Maybe your circumstances, your background, put you in a category that you think is always going to be second class when it comes to spiritual things.
Well, if so, let this centurion, and his colleagues, be an encouragement to you, as we see God honour this man’s faith.
Religious people think the blessings of Jesus come by merit (v 4 – 5)
But notice how the Jewish leaders phrase their request. It’s all about merit, isn’t it?
Verse 4, When they came to Jesus, they pleaded earnestly with him, “This man deserves to have you do this, 5 because he loves our nation and has built our synagogue.”
“Jesus, you should come and help this guy, because of all the good things that he’s done.

He loves our nation,
He’s given us somewhere to worship. Surely out of anyone this man deserves God’s help!
I don’t know whether you saw in the news this week, St Peter’s Cathedral in Adelaide is apparently in dire need of 9 million dollars of repair work. It will take decades to complete, and so now the church is trying to work out how it can raise the money.

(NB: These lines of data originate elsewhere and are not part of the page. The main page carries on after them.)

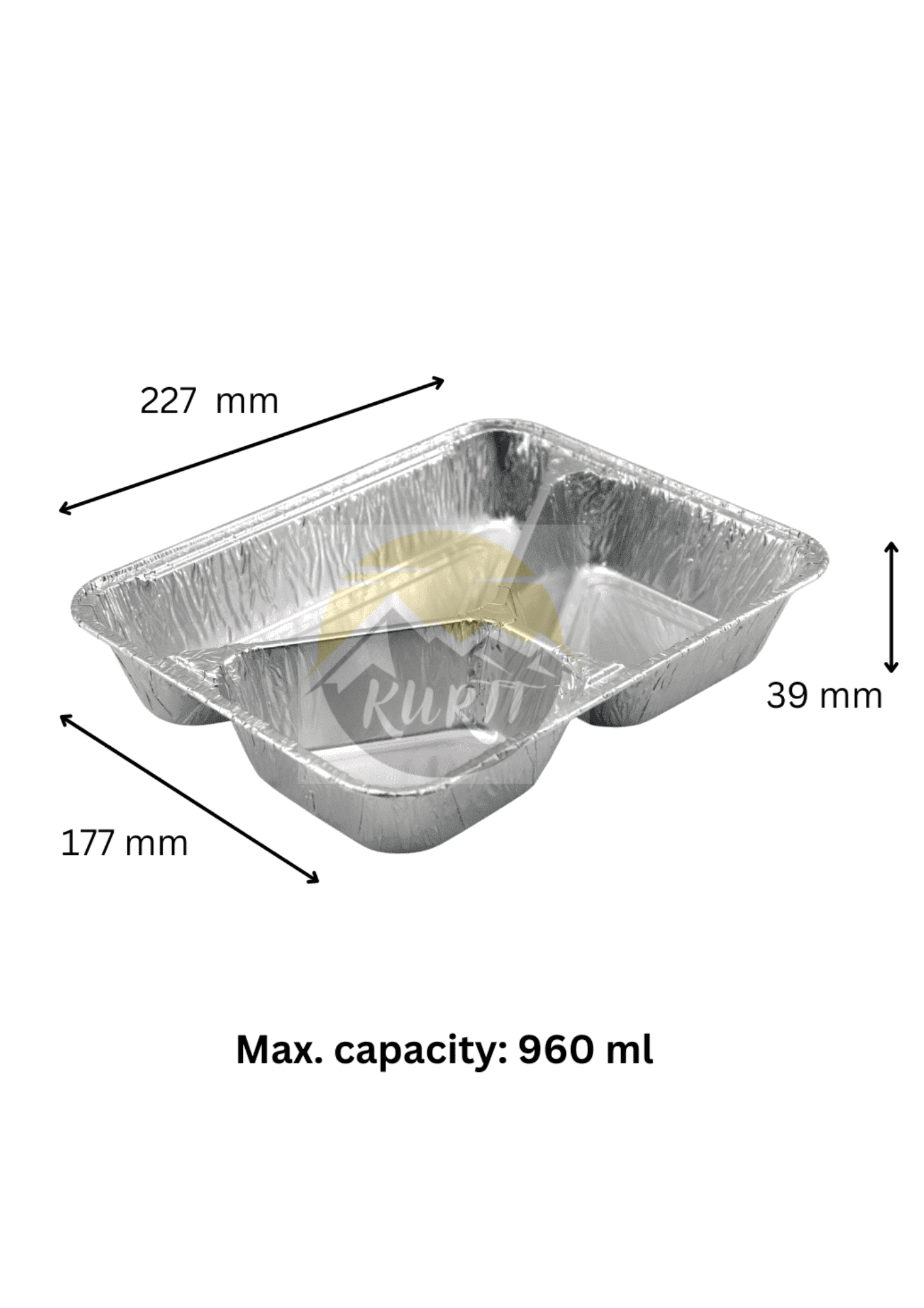 Aluminiumbakjes 960G 3-verdeeld met aluminium deksels - 100 stuks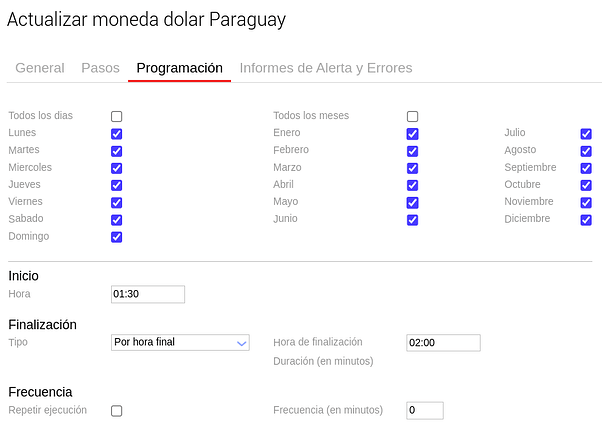 Realizado este paso, en la solapa Programación, observaremos varios campos con información que podremos modificar manualmente, tales como: la hora de inicio, la hora de finalización y la frecuencia. También, podremos tildar si queremos que la consulta se realice todos los días y todos los meses.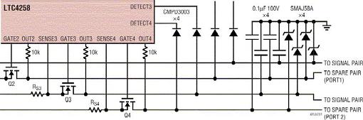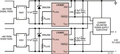 四對PD電路是最大的變化(圖4b)。現(xiàn)在需要采用兩個LTC4257器件,電源電路必須具備足夠的智能,以便把從每一個通道吸取的電流限制在802.3af規(guī)范容許的范圍之內。要做到這一點,就要平衡從每一對線吸取的電流或平衡從每一對線吸取的功率,直到它接近(但是不超過)ICUT極限,然后,才從其它線對吸取電流。這種電路可能相當復雜,不同的設計之間差異也很大。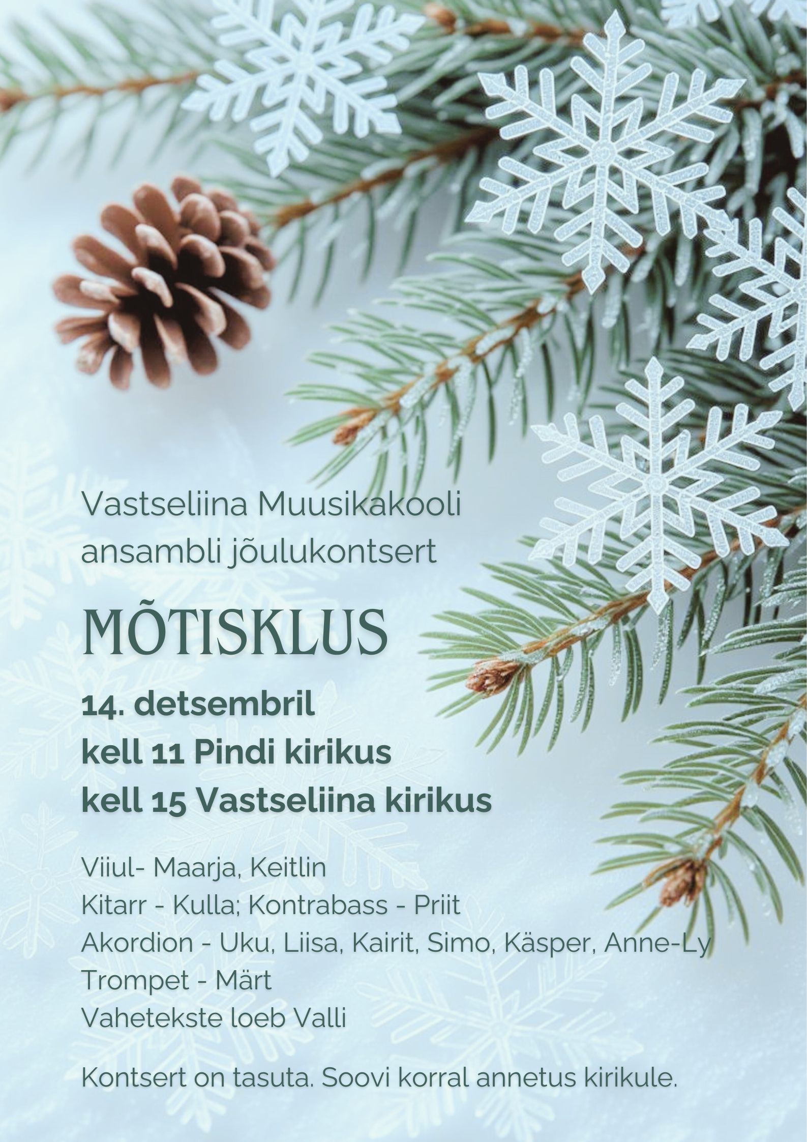 Ootame Teid 14. detsembril kell 11 Pindi kirikus ja kell 15 Vastseliina kirikus.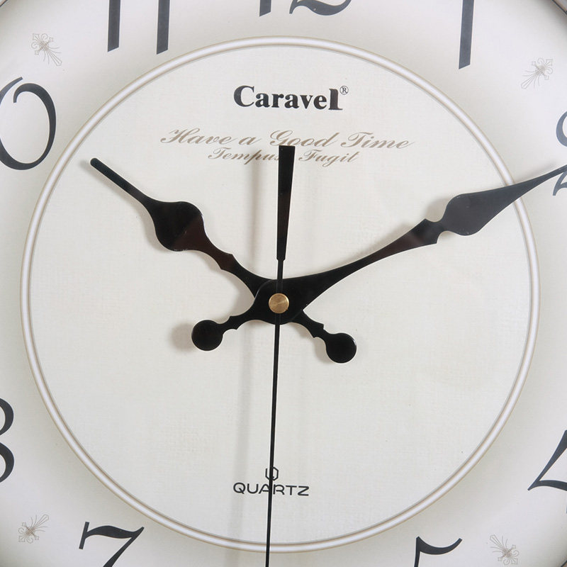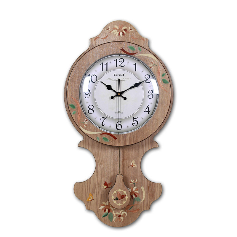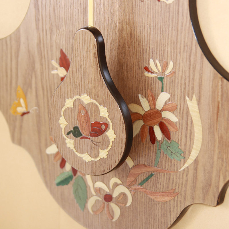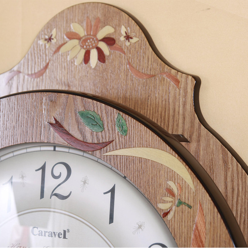 TQJ European style wood wall clock quartz clock living room clock bedroom muted Korean hand-painted flower hanging watch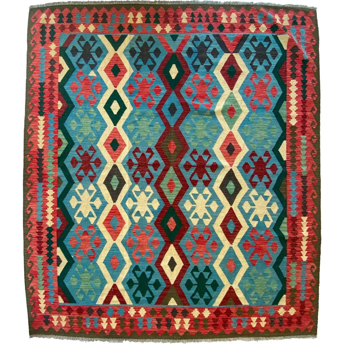 Handwoven by Afghan artisans, this vegetable-dyed kilim rug is a one-of-a-kind creation, never to be replicated. Its generous scale and tribal geometric patterns make it a versatile addition to any space. Woven with Ghazni wool, it ages into a soft, organic beauty, showcasing enduring craftsmanship that enhances any room.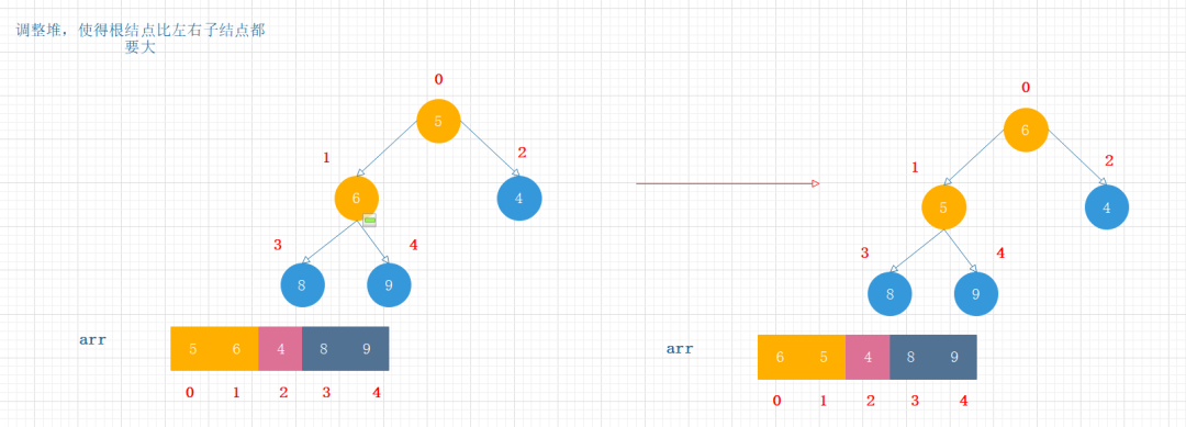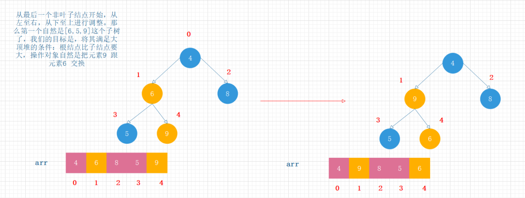 第一自然是[6,5,9]这个子树了,我们的目标是,将其满足大顶堆的条件:根结点比子结点要大,操作对象自然是把元素9 跟元素6 交换位置。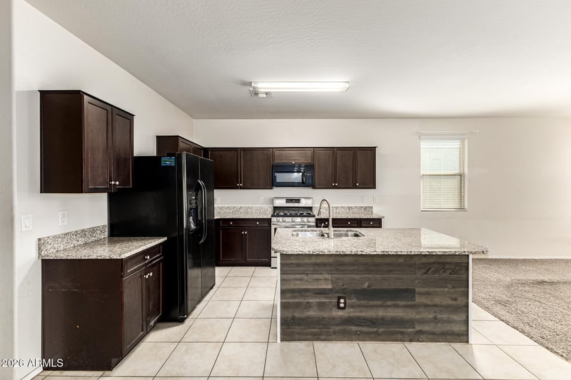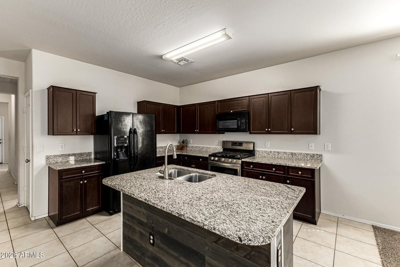 Listing details for 3776 298th Ave, Buckeye, AZ 85396 : Discover the charm of this fantastic single-level home in Tartesso! Starting with stone accent details, 3-car tandem garage, and a low-care landscape. The inviting interior is designed for everyday living and entertaining, the seamlessly flowing open layout is sure to impress! The kitchen boasts built-in appliances w/ gas range, granite counters, espresso shaker cabinetry, a pantry, and an island. Enter the primary bedroom to find an ensuite with dual sinks and a walk-in closet. Laundry room with shelving for your convenience. The large backyard, with a covered patio & mature tree, is an ideal spot to relax or have a fun gathering. Don't miss this opportunity!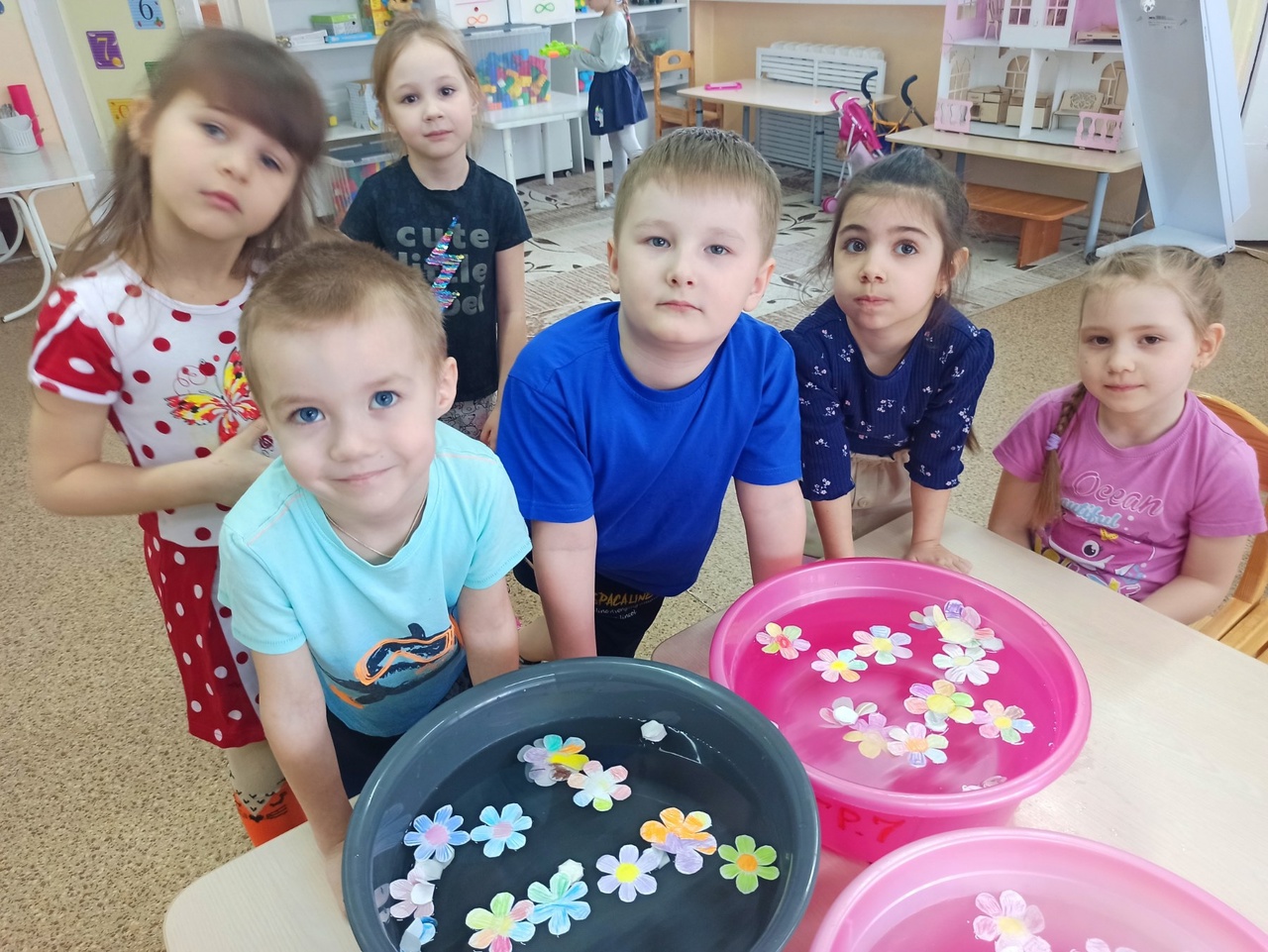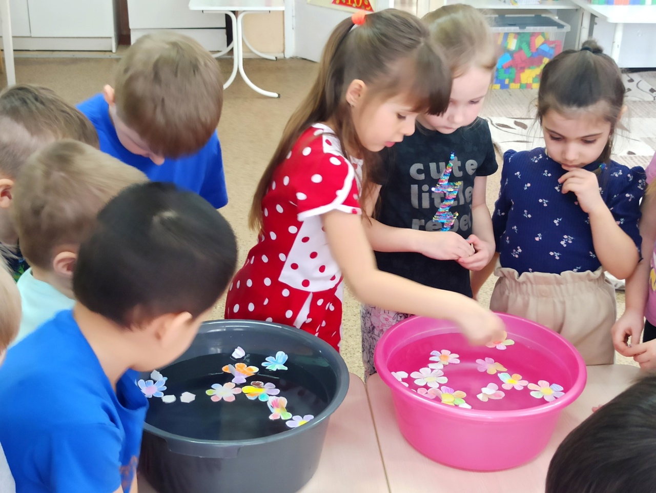 Дошкольники по природе своей - пытливые исследователи окружающего мира. В основе экспериментальной деятельности дошкольников лежит жажда познания, стремления к открытиям, любознательность, потребность в умственных впечатлениях, и наша задача - удовлетворить потребности детей, что в свою очередь приведёт к их интеллектуальному и эмоциональному развитию. Так в средней группе 7 педагог Полежаева А. С. часто проводит со своими воспитанниками игры - эксперименты. Вот и сегодня они принимали участие в эксперименте "Цветы в воде". Дети наблюдали, как бумажные цветы распускаются в воде.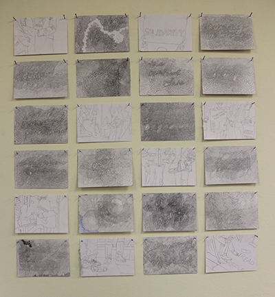 We installed the work in the PS2 project space in March 2021. It was a virtual show only seen online, due to the Coronavirus Lockdown regulations. Given the format we also produced downloadable zine to print out at home. In addition we produced a scrolling text piece and a sound piece of extracts from the collaborative dialogue. The audio piece formed the sondtrack of a film of the show produced by Leander Mutshcler.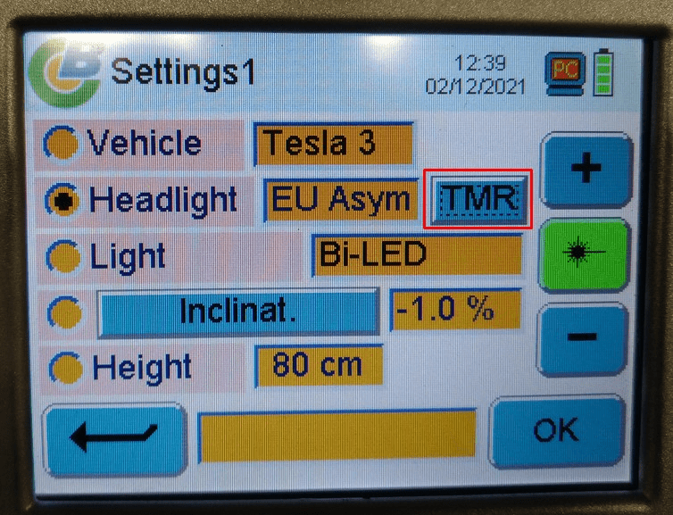 - 在前照灯测试仪工具上,选择Headlight,使用+或-按钮将前照灯类型设为EU Asym,然后使用EU Asym字段旁边的小-按钮选择TMR。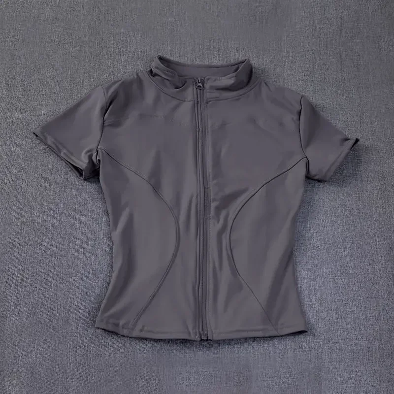 Color: Chocolate, Size: L - Summer High Quality Waist Slimming Training Tops Women's Quick-drying Tight Stand Collar Full Zipper Short Sleeves Yoga shirts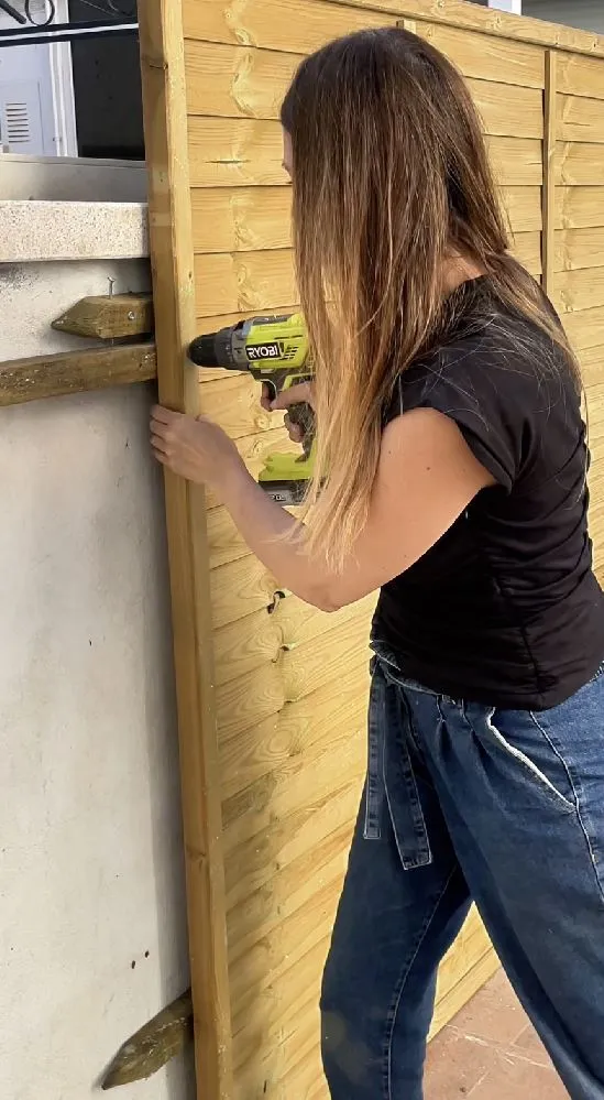 Una vez colocados los paneles, se podrian haber dejado tal cual , con la madera al natural, ya que viene con un tratamiento especicifico para exterior, pero en mi caso me apetecia aportar un toque de color, un gris antracita, por lo que utilice para pintura, esmalte al agua eco de titanlux, que es especifica para uso tanto interior como exterior.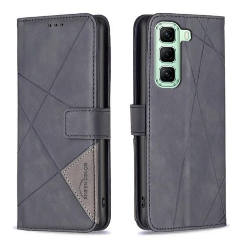 Funda de Cuero con Textura de Rombos y Hebilla Magnética para Infinix Hot 50 4G (Negro)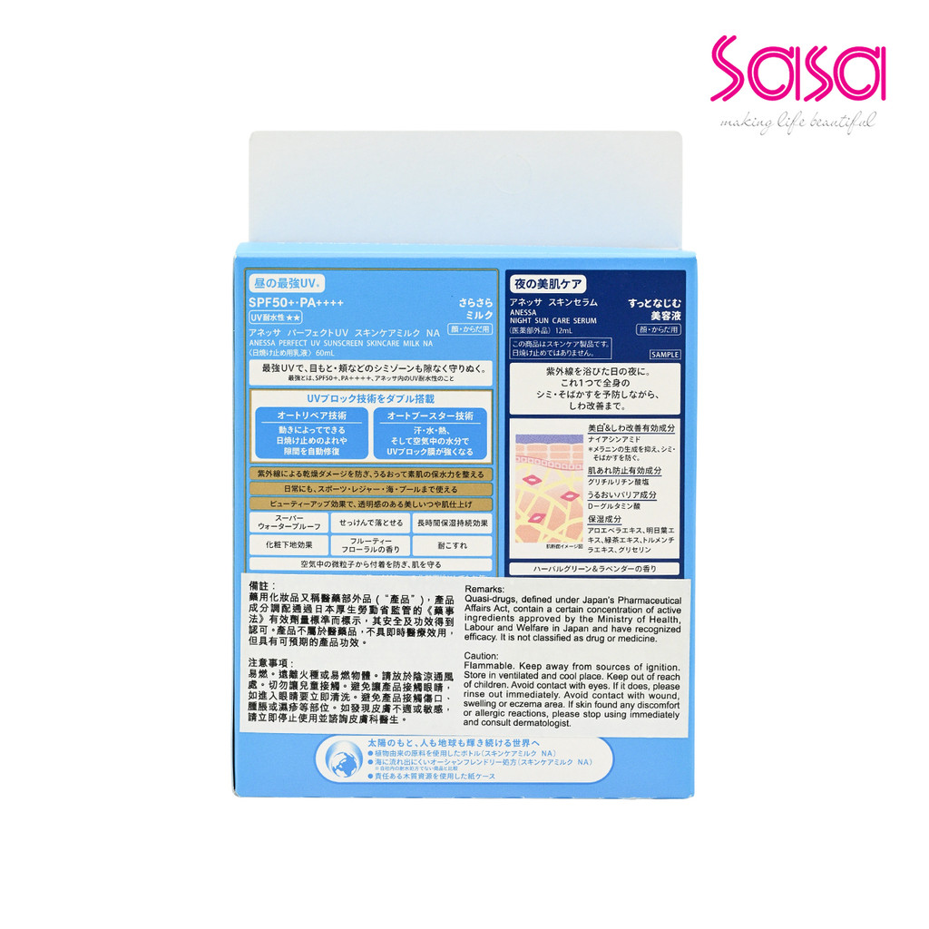 Anessa SPF50+PA++++ Perfect UV Sunscreen Mild Milk & Night Sun Care Serum Limited Set (2pcs)

So is this our opportunity to put God in our debt?

Give money to build the cathedral, and someone will be able to say about you, to God, This man, this woman, deserves to have you do this,
That’s how religious kind of people think relating to God works.

And it fits with our whole approach to life, doesn’t it? The motivational poster;, “You only get out, what you put in.”
Michael Bloomberg, former Mayor or New York City once said, “I am telling you, when I get to heaven I’m not stopping to be interviewed.
I am heading straight in.
I have earned my place in heaven. It’s not even close.”
And when pressed on why he was so sure that he would receive the blessings of God, Bloomberg listed off some of the good things he’d done in his life;, his work for gun control,
His anti-smoking policies,
And healthy eating campaigns, banning super-sized soft drinks and what have you.

This man deserves to have you do this,
Now I’m not really sure where banning soft drink puts you before God,
But maybe that’s how you think it works.

You scratch God’s back, he scratches yours.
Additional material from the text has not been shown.